• [Work to be completed]:
Return the lines of the listing below exactly as they appear, beginning at the one with "To krystalltrær selges" and stopping after the one with "作り方:キウイを小さくカットし、砂糖とレモン汁を加えて弱火で煮詰める"; do not include pictures.

• [Exercise input]:

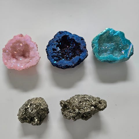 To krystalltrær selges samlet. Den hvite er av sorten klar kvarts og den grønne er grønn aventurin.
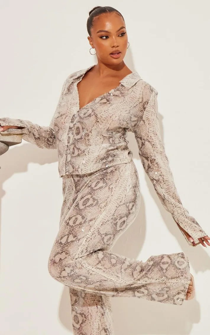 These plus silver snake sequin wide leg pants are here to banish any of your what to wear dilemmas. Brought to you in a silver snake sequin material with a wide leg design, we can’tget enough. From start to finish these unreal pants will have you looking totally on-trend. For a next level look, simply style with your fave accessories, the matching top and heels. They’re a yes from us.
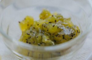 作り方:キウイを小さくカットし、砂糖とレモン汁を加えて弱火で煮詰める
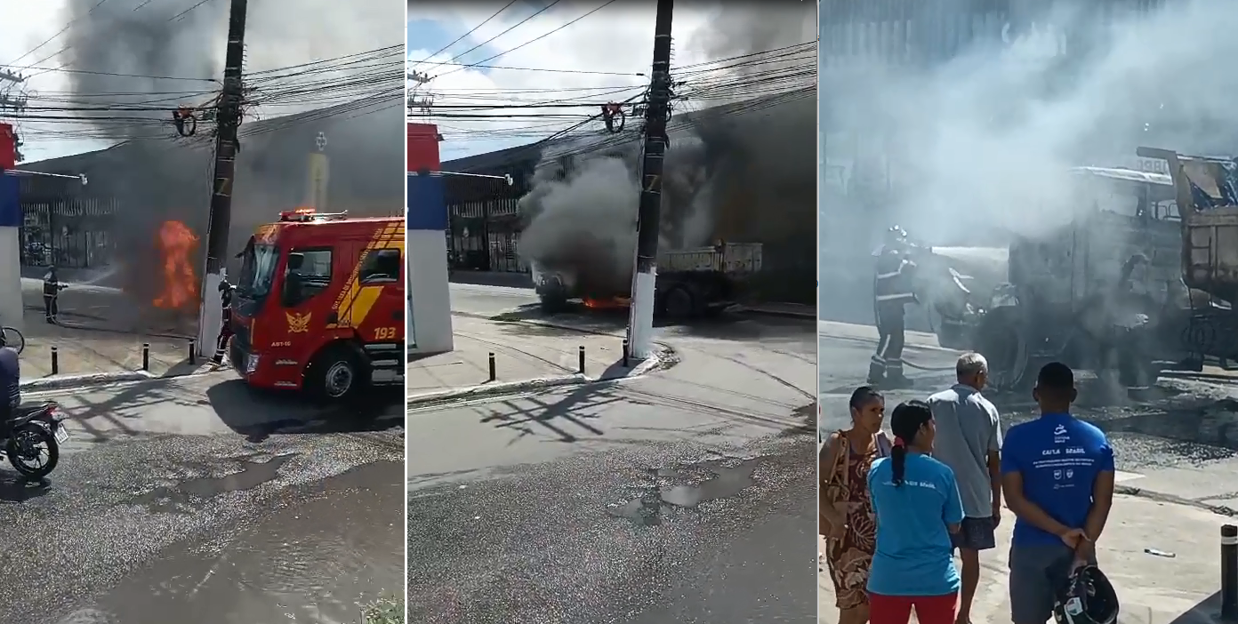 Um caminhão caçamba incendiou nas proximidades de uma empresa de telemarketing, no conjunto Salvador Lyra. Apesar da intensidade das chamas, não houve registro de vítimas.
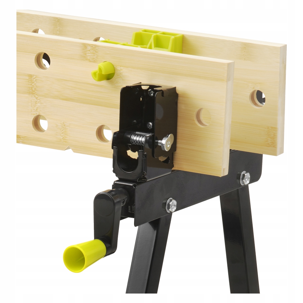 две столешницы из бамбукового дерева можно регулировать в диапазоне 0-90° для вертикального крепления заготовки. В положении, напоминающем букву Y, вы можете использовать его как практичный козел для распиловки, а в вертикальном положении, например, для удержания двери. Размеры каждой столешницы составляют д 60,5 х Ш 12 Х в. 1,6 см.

---

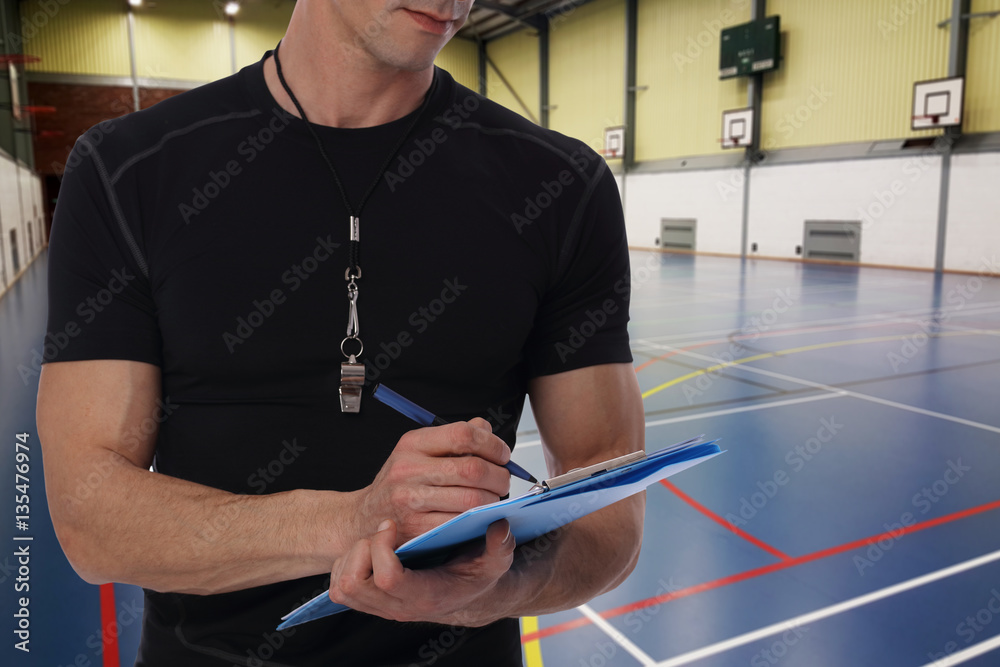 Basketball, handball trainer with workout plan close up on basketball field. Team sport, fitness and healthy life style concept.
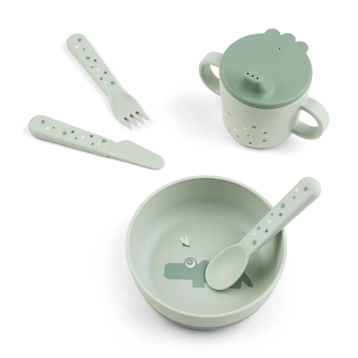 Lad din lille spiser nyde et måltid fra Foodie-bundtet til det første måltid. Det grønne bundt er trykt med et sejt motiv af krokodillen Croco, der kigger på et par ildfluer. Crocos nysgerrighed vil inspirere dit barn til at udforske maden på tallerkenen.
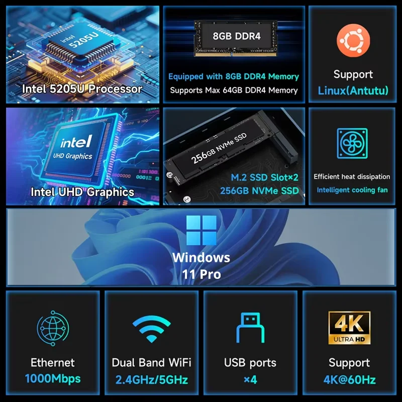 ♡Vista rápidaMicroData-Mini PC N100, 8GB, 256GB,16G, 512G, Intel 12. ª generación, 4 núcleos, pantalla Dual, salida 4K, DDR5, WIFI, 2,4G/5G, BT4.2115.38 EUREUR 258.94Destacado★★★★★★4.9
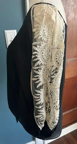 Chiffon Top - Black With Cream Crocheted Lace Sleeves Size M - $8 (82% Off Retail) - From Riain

• [Solution to this exercise]:
 To krystalltrær selges samlet. Den hvite er av sorten klar kvarts og den grønne er grønn aventurin.
 These plus silver snake sequin wide leg pants are here to banish any of your what to wear dilemmas. Brought to you in a silver snake sequin material with a wide leg design, we can’tget enough. From start to finish these unreal pants will have you looking totally on-trend. For a next level look, simply style with your fave accessories, the matching top and heels. They’re a yes from us.
 作り方:キウイを小さくカットし、砂糖とレモン汁を加えて弱火で煮詰める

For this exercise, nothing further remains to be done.